Better dataframes

Sunday 10:35 AM–11:05 AM in Eureka 2

Dataframes are an abstraction that proven extremely useful for data analysis in dynamic languages like S, R, Python, and Julia. The Pandas package has been dominant in Python for around 15 years but its design is now showing its age. There is now a vibrant and messy ecosystem of potential disruptors to the status quo for data analysis tasks in Python.

This talk will help you make sense of the mess. It will give you a comprehensive review of the strengths and weaknesses of the challengers, including Polars, Ibis, Modin, Dask, and the PySpark Pandas API (formerly known as Koalas). It will also review efforts to unify the PyData landscape such as Apache Arrow, the dataframe interchange protocol, Narwhals, and the Ibis project started by Wes McKinney, the original author of Pandas.

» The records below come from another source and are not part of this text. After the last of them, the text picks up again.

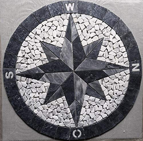 Estile Mosaico Marmor Rosone rund 80 cm kompass natursten vind ros mosaik kakel inlägg 077
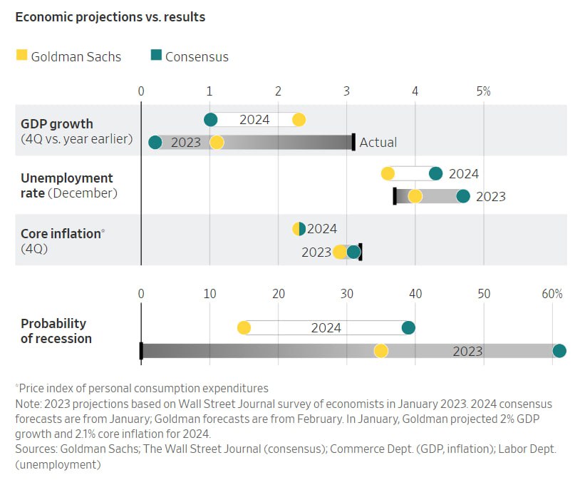 1. Команда экономистов Goldman Sachs во главе с Яном Хациусом с оптимизмом смотрит на экономику в этом году. Они прогнозируют здоровый рост на уровне 2,3%, уровень безработицы останется ниже 4%, а вероятность рецессии составляет всего 15% – все это более оптимистично, чем консенсус прогноз у WSJ. Инфляция, исключая продукты питания и энергоносители, продолжит падать до чуть более 2% к концу года.
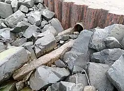 The mill lade ran fully exposed along the side of the Newton-on-Ayr Main Street and would have been a serious nuisance to pedestrians as well as horses, cattle, carts and other road traffic.[10] In 1641 the Newton Burgh Court ruled that "..na personne or personnis sall wash at ye leid betwixt ye dam and ye mylne any foul claithis, puddings, lynnt, hydis or any other fulzie or pollutit thyngis qrby ye watter may be pollutit or fyillit be night or be day."[11]
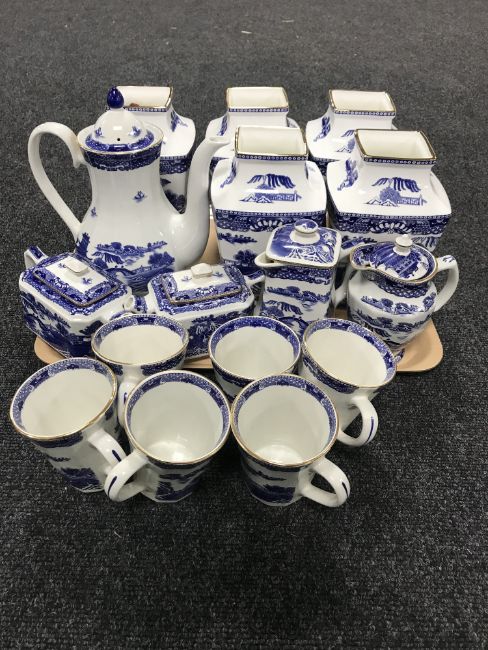 A tray of seventeen pieces of Ringtons willow pattern china - teapots, vases, cups etc

The talk will provide context and guidance for deciding which dataframe library to choose for your next project. It will also explain the best ways to offer cross-dataframe support in your library code.

Edward Schofield

Ed is the founder of Python Charmers (https://pythoncharmers.com), which has trained around 6000 people in data science using Python from organizations like Atlassian, Barclays, Cisco, CSIRO, Dolby, Harvard University, IMC, Interpol, Singtel Optus, Oracle, Shell, Telstra, Toyota, Verizon, and Westpac. Ed is a former release manager of SciPy and the author of the widely used future package. He organized the Python user group in Melbourne for 8 years.

Ed holds a PhD in machine learning (language models) from Imperial College London. He also holds BA and MA (Hons) degrees in mathematics and computer science from Trinity College, University of Cambridge. He has 25 years of experience in programming, teaching, and public speaking.